More significantly, by continuing to propagate the Zoroastrian idea of ‘evil’ as an abstract force, purposefully at work in the universe and inimical to mankind’s wellbeing, not only did Christianity acquire for itself a greater purpose – to fight this evil wherever it appeared – it arguably unleashed upon the world an evil far greater than any mankind had previously known. For once identified, the work of the Devil could be found almost anywhere, from the most innocent remark to the most innocuous transgression. And from the Spanish Inquisition to the Salem Witch Trials, there has never been any shortage of those willing, not only to drive it out, but to acquiesce in the appalling inhumanity to which this insane and unfalsifiable view of the world invariably gives rise. 
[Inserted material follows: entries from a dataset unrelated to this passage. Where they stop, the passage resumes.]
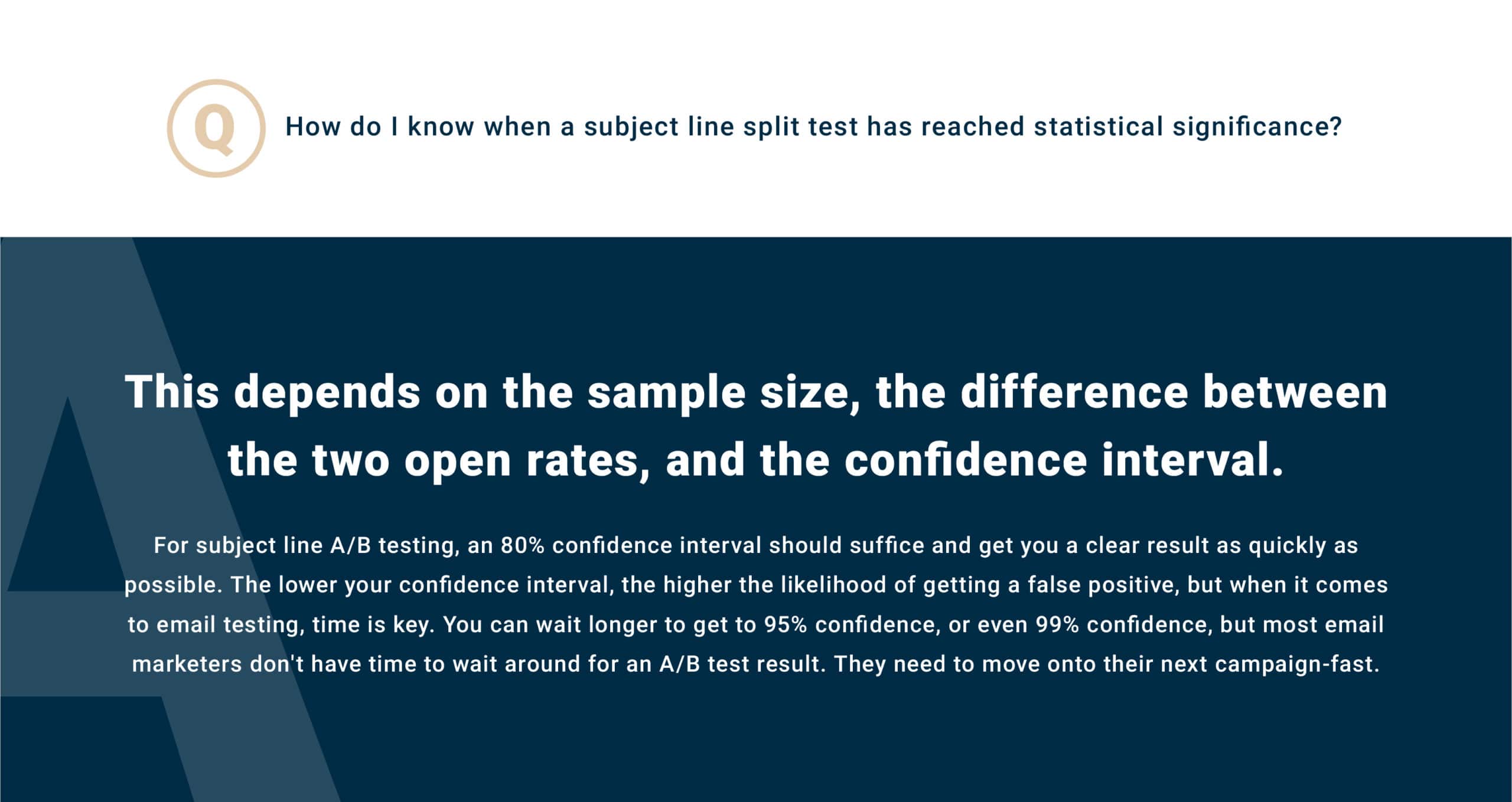 Once your test reaches statistical significance, roll out the champion subject line to the rest of your list. Try to reduce the number of variables in play by sending your subject line tests and the champion on the same day or at the same time of day.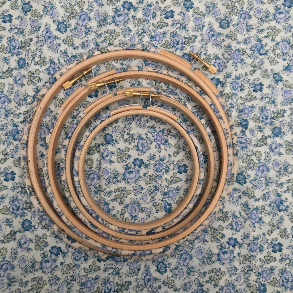 My hoops are available from a mini 3 inch hoop right up to a large 12 inch embroidery hoop. Simply select the hoop size appropriate to the size of your project and fabric you are stitching on. Hoops are measured across the diameter of the embroidery hoop, from the inner edge of the outer hoop. When framing embroidery wall art I like to leave around an inch between my stitching and the hoop.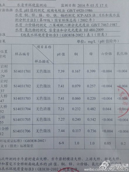通报二,乐清市环境监测站对事发河道布点采样,经监测:PH、铜、锌、六价铬、氰化物等指标均符合地表水Ⅲ类水质标准,基本排除工业污染引发河鱼死亡。此条通报还附上了监测报告。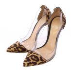 セルジオロッシ Sergio rossi パンプス ポインテッドトゥ ピンヒール ハラコ 切替 ヒョウ柄 レオパード 36 クリア ベージュ 茶

Of course, that is all now behind us. In Britain, at least we are unlikely to see another woman burnt as a witch any time soon. The Zoroastrian legacy, however, with its dualistic cosmology of good and evil, is still very much with us. It is carved into the stonework of all our medieval churches and embedded forever in the iconography of most of our religious art. It is the subliminal message that consistently runs through the last two thousands of our culture. From Milton to T. S. Eliot, it infuses our most quoted poetry. It is built into the language, as part of our depth grammar. But most of all, it is at the centre of a mindset which allows us to regard those once demonised with a particular label as outside our concern or pity. We don’t, of course, call them witches any more. The most favoured term today is ‘terrorist’. But with a few contextual changes, it means more or less the same thing. It means that, motivated by pure evil, the person so labelled cannot be understood or reasoned with. Outside the scope of our human understanding – and therefore beyond the reach of our empathy – he is thus, in our eyes, essentially inhuman, and can make no claim upon our humanity. We are therefore free to imprison him without charge on an indefinite basis, subject him to torture – euphemistically renamed, of course – and ultimately murder him without the benefit of any judicial process: a fate that has befallen many more than just Osama bin Laden. Indeed, it makes one wonder what the peacemaker from Galilee would have made of it all, particularly the fact that, after two thousand years, we still haven’t learnt that by treating others as non-human, it is we who ultimately become the monsters. And it is this failure, I believe, that is the real and most enduring legacy of Zoroastrianism: that in forging Christianity as has come down to us, it effectively pushed aside or overshadowed the one teachings it had worth learning.